Теперь, когда брат, зная все о том, что случилось с их отцом, собирался жениться, Николай уже не так категорично относился к своим словам, сказанным в доме кузена в Лондоне, о том, что ему нельзя иметь семью. Он устал быть одиноким, и Генриетта права – те вечера, когда она пела, принесли облегчение его измученной душе. Ее нежный серебристый голос уносил Николая в волшебную страну, где все и всегда счастливы, а его печаль отступала. Он так привязался к Генриетте, что не хотел покидать Лондон. Только приказав себе уехать, ничего не пообещав и ничего не спрашивая, он счел, что выполнил свой долг. И вот теперь эта дивная девушка, превратившаяся за год во взрослую красавицу, сидела рядом и смотрела на него полными любви глазами. Почувствовав, что у него больше нет сил сопротивляться, Николай уже открыл рот, чтобы признаться в своих чувствах, но в этот момент хозяева поднялись из-за стола, показывая, что обед окончен.

– Пройдемте в гостиную, – предложила княгиня. – Я надеюсь, что Генриетта споет нам, а мужчины, если хотят, могут сыграть в карты.

Но желающих играть в карты не оказалось. Женихи устроились рядом со своими невестами, Алексей сел на ручку кресла своей жены, а Николай подвел Генриетту к фортепьяно и стал рядом, опершись на крышку.

– Может быть, вы будете переворачивать мне ноты? – робко спросила девушка.

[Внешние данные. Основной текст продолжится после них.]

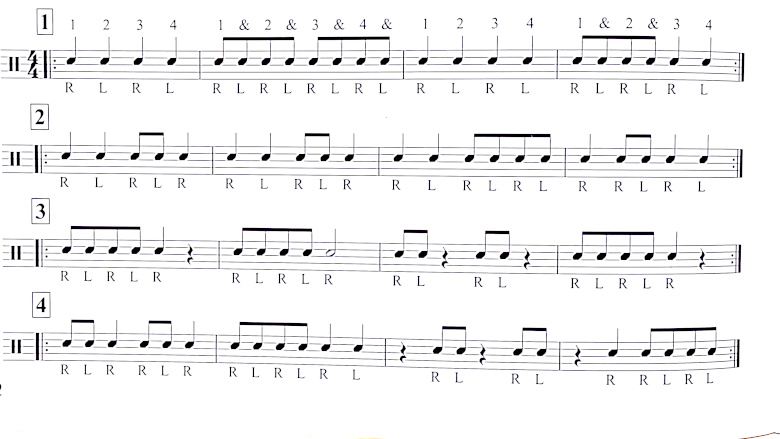 We often think of drums as just a beat in the background; however, drums can have music sheets just like other instruments See Image from Hal Leonard's book DRUMSET METHOD 1

– Буду счастлив, – ответил он, усаживаясь на длинную, обитую бархатом банкетку рядом с ней.

– Что вам спеть? – так же тихо спросила Генриетта. Она хотела только одного – воскресить в памяти любимого мужчины те моменты единения, которые давала им музыка. – Я разучивала для показа в Большом театре оперы Россини. Мне переложили их партитуры для драматического сопрано.

– Нет, спойте то, что пели в Лондоне. Помните, французские песни? – возразил Николай.

– Я могу их сыграть, но здесь приготовлены другие ноты, – шепнула девушка. – Что вы будете переворачивать?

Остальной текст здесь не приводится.